§ WORK REQUEST:
Output, verbatim and without pictures, the lines from the first line of the listing through the line containing "The Crystal Center".

§ PROVIDED MATERIAL:
++++

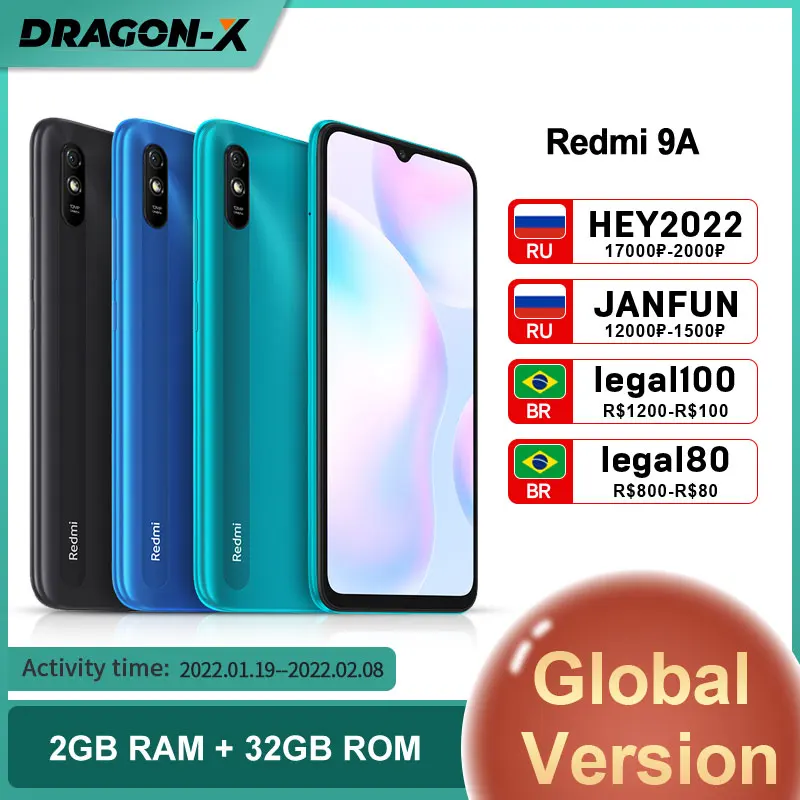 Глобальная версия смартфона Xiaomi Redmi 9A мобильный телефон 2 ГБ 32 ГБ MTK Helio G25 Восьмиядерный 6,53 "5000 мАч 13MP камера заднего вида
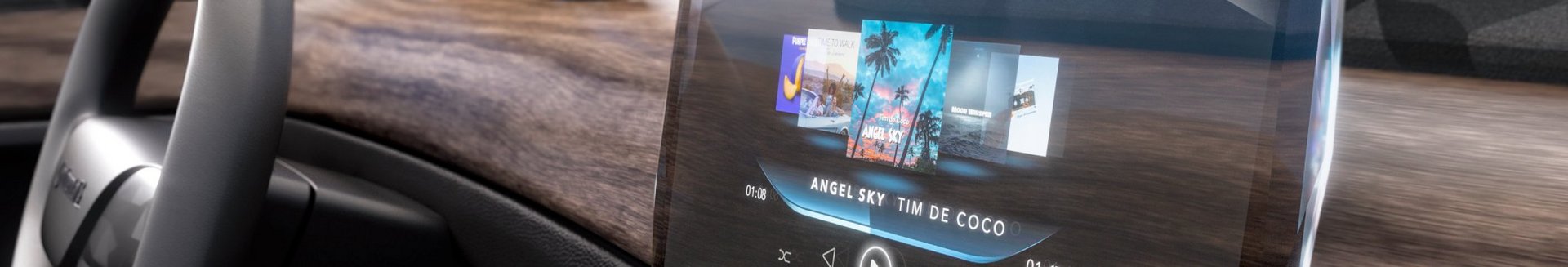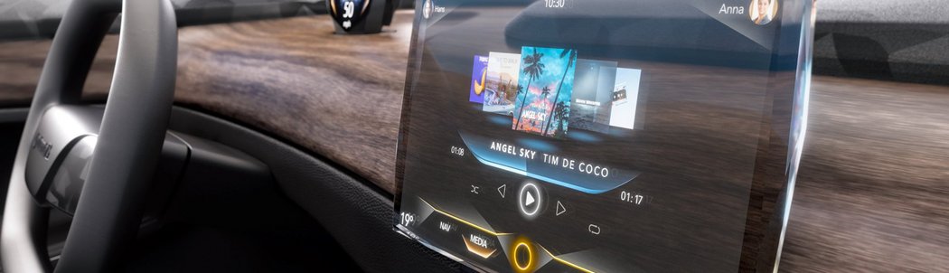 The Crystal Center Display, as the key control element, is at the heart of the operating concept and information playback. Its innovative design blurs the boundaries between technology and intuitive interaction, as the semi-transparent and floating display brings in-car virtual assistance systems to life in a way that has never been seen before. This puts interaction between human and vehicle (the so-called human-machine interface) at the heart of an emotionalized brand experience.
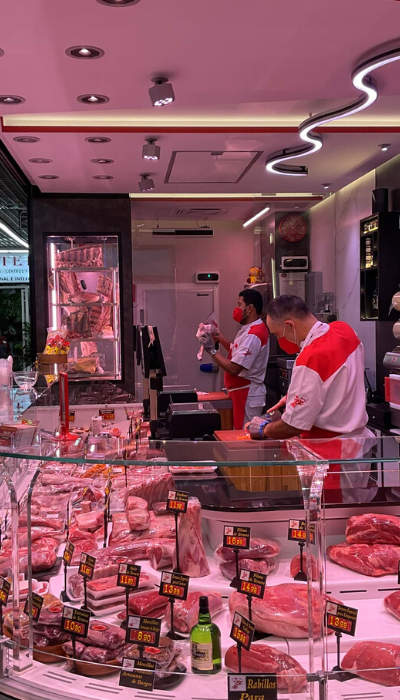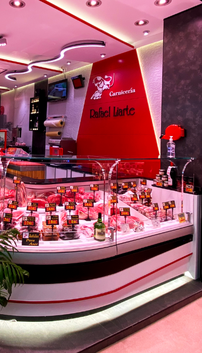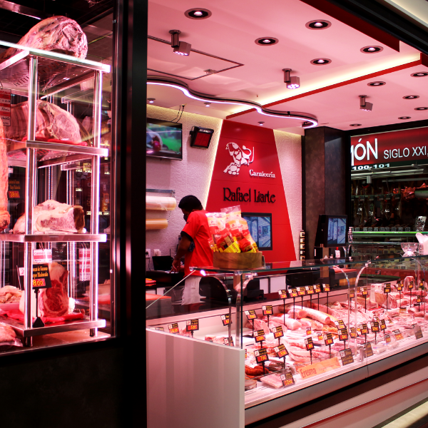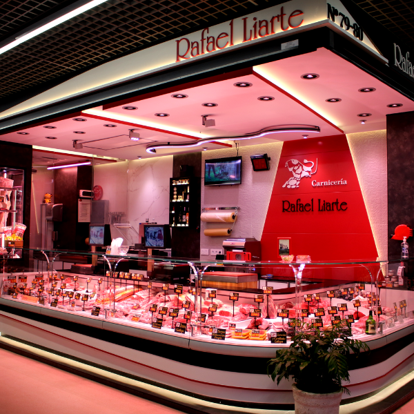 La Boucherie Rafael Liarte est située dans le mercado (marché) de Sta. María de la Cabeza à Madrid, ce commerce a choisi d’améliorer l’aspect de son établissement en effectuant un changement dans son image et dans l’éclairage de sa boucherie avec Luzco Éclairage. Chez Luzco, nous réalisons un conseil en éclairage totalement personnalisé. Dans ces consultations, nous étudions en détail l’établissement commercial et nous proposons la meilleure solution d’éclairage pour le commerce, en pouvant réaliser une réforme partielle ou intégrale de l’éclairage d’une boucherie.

++++

§ EXPECTED ANSWER:
 Глобальная версия смартфона Xiaomi Redmi 9A мобильный телефон 2 ГБ 32 ГБ MTK Helio G25 Восьмиядерный 6,53 "5000 мАч 13MP камера заднего вида
 The Crystal Center Display, as the key control element, is at the heart of the operating concept and information playback. Its innovative design blurs the boundaries between technology and intuitive interaction, as the semi-transparent and floating display brings in-car virtual assistance systems to life in a way that has never been seen before. This puts interaction between human and vehicle (the so-called human-machine interface) at the heart of an emotionalized brand experience.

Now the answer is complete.